--- Instructions for the task ---
Please output the data exactly, minus pictures.

--- Material provided ---

==============================

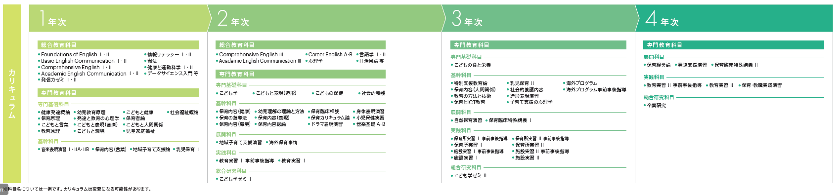 | 1年次 | 2年次 | 3年次 | 4年次 | |
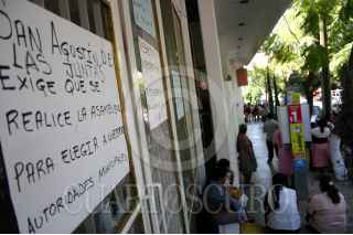 OAXACA, OAXACA. 09ENERO2007.- Habitantes de san Agustín de las juntas, bloquearon este medio día las instalaciones del IEE (instituto estatal electoral) donde exigen el respeto a sus usos y costumbres para definir a sus autoridades municipales. FOTO: MAX NUÑEZ/CUARTOSCURO.COM
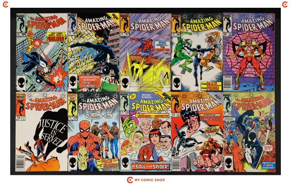 Issues 264, 266-270, 273N, 274, 276, 278N of Amazing Spider-Man (1963 1st Series). Most will grade in the VF- to VF+ range.
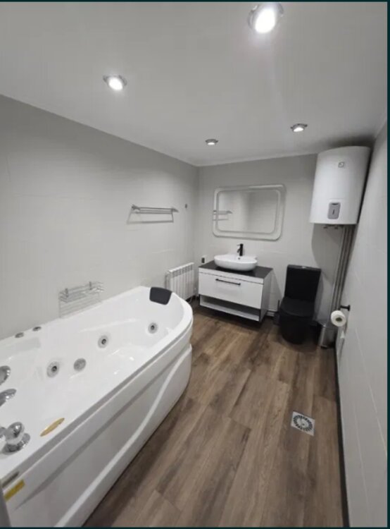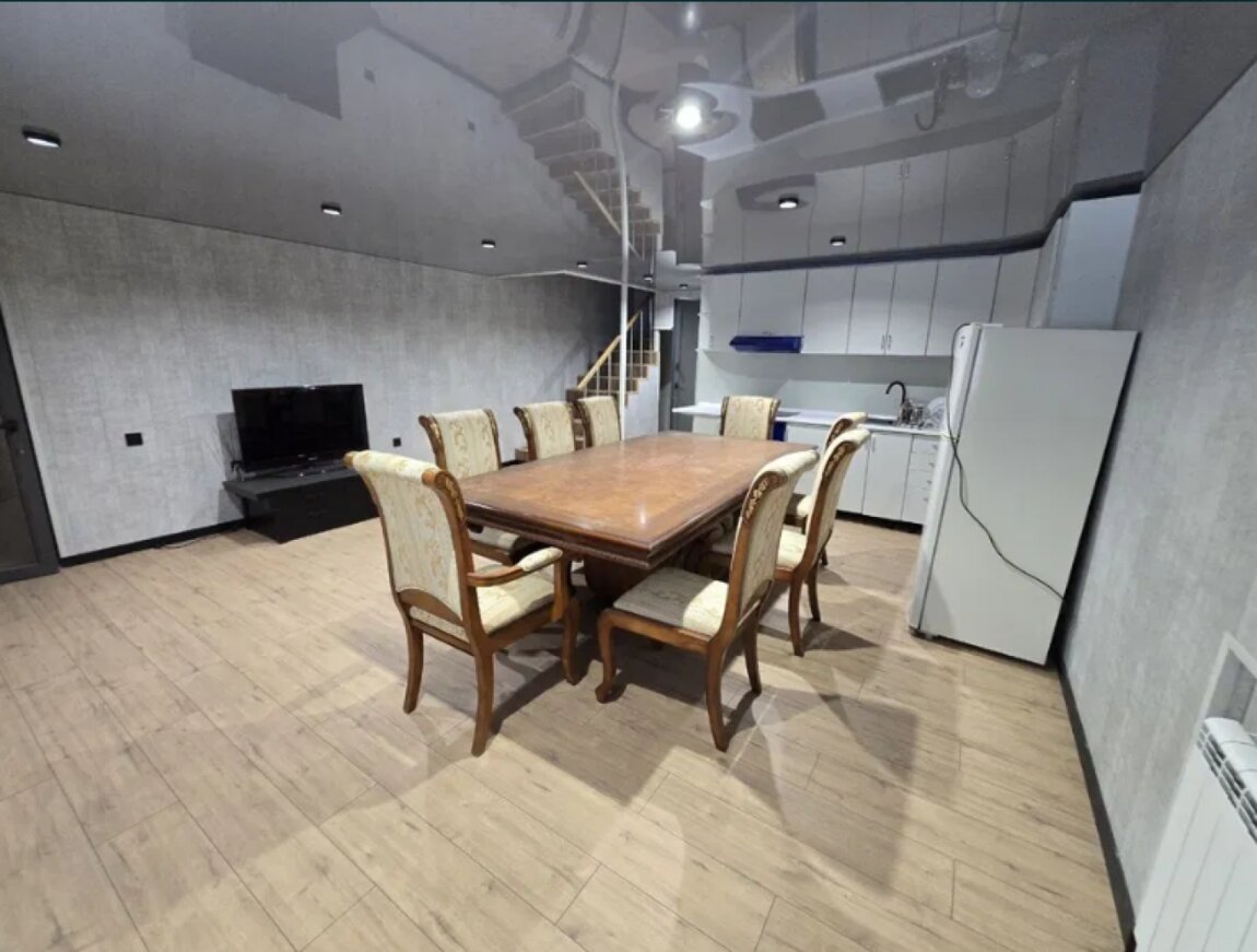 34826. Продаётся помещение площадью 355 м² с удобной планировкой и тремя отдельными входами. Фасадная часть идеально подойдёт под торговый зал, представительство или офис, а задняя часть и цоколь оборудованы для проживания — со всеми удобствами, как в квартире.Внутреннее пространство можно перепланировать под кабинеты, офисы или жилые комнаты. Есть баня, бассейн, джакузи, бильярдная. В продаже с мебелью и техникой. На территории предусмотрено 5 парковочных мест.

==============================

--- Problem solution ---
 | 1年次 | 2年次 | 3年次 | 4年次 | |
 OAXACA, OAXACA. 09ENERO2007.- Habitantes de san Agustín de las juntas, bloquearon este medio día las instalaciones del IEE (instituto estatal electoral) donde exigen el respeto a sus usos y costumbres para definir a sus autoridades municipales. FOTO: MAX NUÑEZ/CUARTOSCURO.COM
 Issues 264, 266-270, 273N, 274, 276, 278N of Amazing Spider-Man (1963 1st Series). Most will grade in the VF- to VF+ range.
 34826. Продаётся помещение площадью 355 м² с удобной планировкой и тремя отдельными входами. Фасадная часть идеально подойдёт под торговый зал, представительство или офис, а задняя часть и цоколь оборудованы для проживания — со всеми удобствами, как в квартире.Внутреннее пространство можно перепланировать под кабинеты, офисы или жилые комнаты. Есть баня, бассейн, джакузи, бильярдная. В продаже с мебелью и техникой. На территории предусмотрено 5 парковочных мест.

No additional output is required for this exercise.